Udin dengan sigap menerima nampan yang di bawa sang suster.
“Sus, saya kapan boleh pulang ya? Saya udah nggak betah.” Tanya Bu Een.
“Makan sekarang Bu?” Tanya Udin.
“Nanti aja. Mirza mana, Din?” Bu Een teringat putranya yang sedari tadi tak terlihat.
“Oh, semalam pamit pulang mau jemput Mbak Via tapi terus wa saya bilang Mbak Via sakit katanya, jadi nggal bisa ke sini Bu.” Papar Udin.
“Perempuan itu benar-benar keterlaluan ….” Gumam Bu Een dengan raut kesal.
“Perempuan siapa Bu maksudnya?” Tanya Udin tak mengerti.
“Ya istrinya Mirza itu! Pasti dia alasan saja sakit biar Mirza ngggak kesini lagi. Awas aja, liat nanti!”
“Astaghfirullah Bu…., istighfar. Ingat Ibu harus banyak bersabar, nggak boleh emosian biar tekanan darahnya nggak naik lagi.” Udin menasehati yang langsung di balas tatapan tajam Bu Een.
Udin memilih keuar saja meninggalkan majikannya sendirian.
Sementara itu di kamar Via, ia baru saja bangun dan menggeliat perlahan. Ditolehnya jendela yang terbuka, dari luar sudah nampak terang benderang.
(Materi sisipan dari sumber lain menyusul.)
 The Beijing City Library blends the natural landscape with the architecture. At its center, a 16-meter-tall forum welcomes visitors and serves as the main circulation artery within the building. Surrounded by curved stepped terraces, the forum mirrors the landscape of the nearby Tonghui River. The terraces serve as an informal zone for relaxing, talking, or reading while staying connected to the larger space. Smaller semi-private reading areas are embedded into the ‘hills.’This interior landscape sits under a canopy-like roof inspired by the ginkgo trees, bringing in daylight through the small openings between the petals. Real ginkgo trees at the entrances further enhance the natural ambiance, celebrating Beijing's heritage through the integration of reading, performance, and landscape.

“Sayang, kamu udah bangun?” Mirza datang membawa sarapan roti dengan selai coklat untuk istrinya.
Via mendongak menatap jam dinding di dekat meja riasnya. “Ya ampun, aku kesiangan Mas.” Via berusaha turun dari ranjangnya namun kemudian memegangi pelipisnya berdesis menahan sakit.
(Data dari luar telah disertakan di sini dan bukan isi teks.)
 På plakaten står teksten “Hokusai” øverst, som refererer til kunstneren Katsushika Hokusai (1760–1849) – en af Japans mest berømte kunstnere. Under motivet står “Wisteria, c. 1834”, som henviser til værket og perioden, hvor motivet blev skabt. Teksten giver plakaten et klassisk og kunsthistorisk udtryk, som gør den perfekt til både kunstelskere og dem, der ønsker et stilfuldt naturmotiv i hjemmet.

“Nggak usah bangun.” Sergah Mirza menghampiri.
“Tapi aku mau kerja Mas.”
“Kamu masih sakit kan? Hari ini ijin dulu.” Mirza melatakkan piring sarapan di atas nakas dan menempelkan telapak tangannya pada dahi Via.
“Udah nggak demam kok Mas.” Sungut Via.
“Jangan ngeyel ya, biar pun udah reda tapi kamu perlu istirahat Sayang.” Mirza mengingatkan. “Lagian kepala kamu masih pusing kan?”
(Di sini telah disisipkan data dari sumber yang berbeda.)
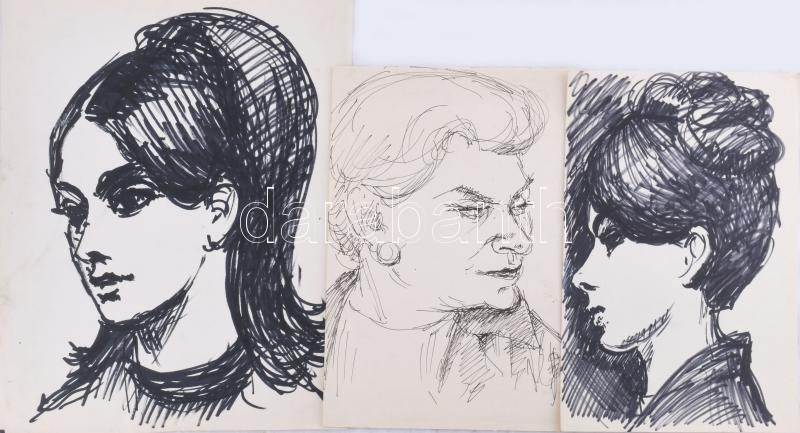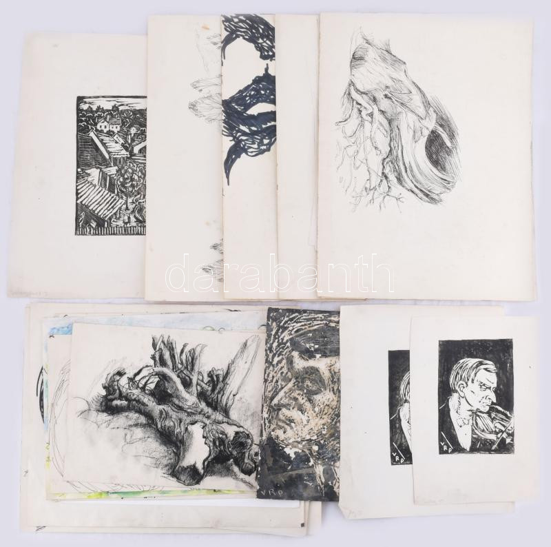 Olvashatatlan jelzéssel vagy jelzés nélkül: 30 db rajz és sokszorosított grafika, közte néhány kevés Dunakanyar. Klf. technikák, papír, klf, méretekben. Részben sérült.

Via tak berani membantah, ia mengangguk samar. “Tapi aku nggak enak mau ijin, waktu hari Jumat kan aku udah ijin kerja setengah hari Mas karena membantu acara Denaya. Masa hari ini mau ijin lagi?” Ujar Via pelan.
“Tapi kan keadaannya kamu lagi sakit?” Mirza kemudian merwih ponsel Via yang sedang di charge. “Biar Mas yang ijinin kamu.”
“Mas mau ngapain?” Tanya Via yang melihat suaminya udah megangin ponselnya.
“Mau nelpon Danar, mita ijin kamu nggak masuk kerja karena sakit.”
“Nggak us …”
__ADS_1
“Halo, Danar. Ini Mirza.” Belum sempat Via melanjutkan kaliatnya, suaminya itu sudah berbicara pada bosnya di telepon. “Aku mau bilang Via nggak bisa masuk kerja hari ini karena sakit.”
“(………………..)”
“Iya, semalam badannya demam. Sekarang udah baikan sih, tapi masih pusing kepalanya.”
“(………………….)”
“Udah minum obat kok, mungkin agak siangan nanti baru aku bawa ke dokter kalo pusingnya belum berkurang.”
“(……………………..)”
“Iya, nanti aku sampein. Makasih ya.”
KLIK!
Mirza mengakhiri panggilan dan Via menatapnya tak sabaran.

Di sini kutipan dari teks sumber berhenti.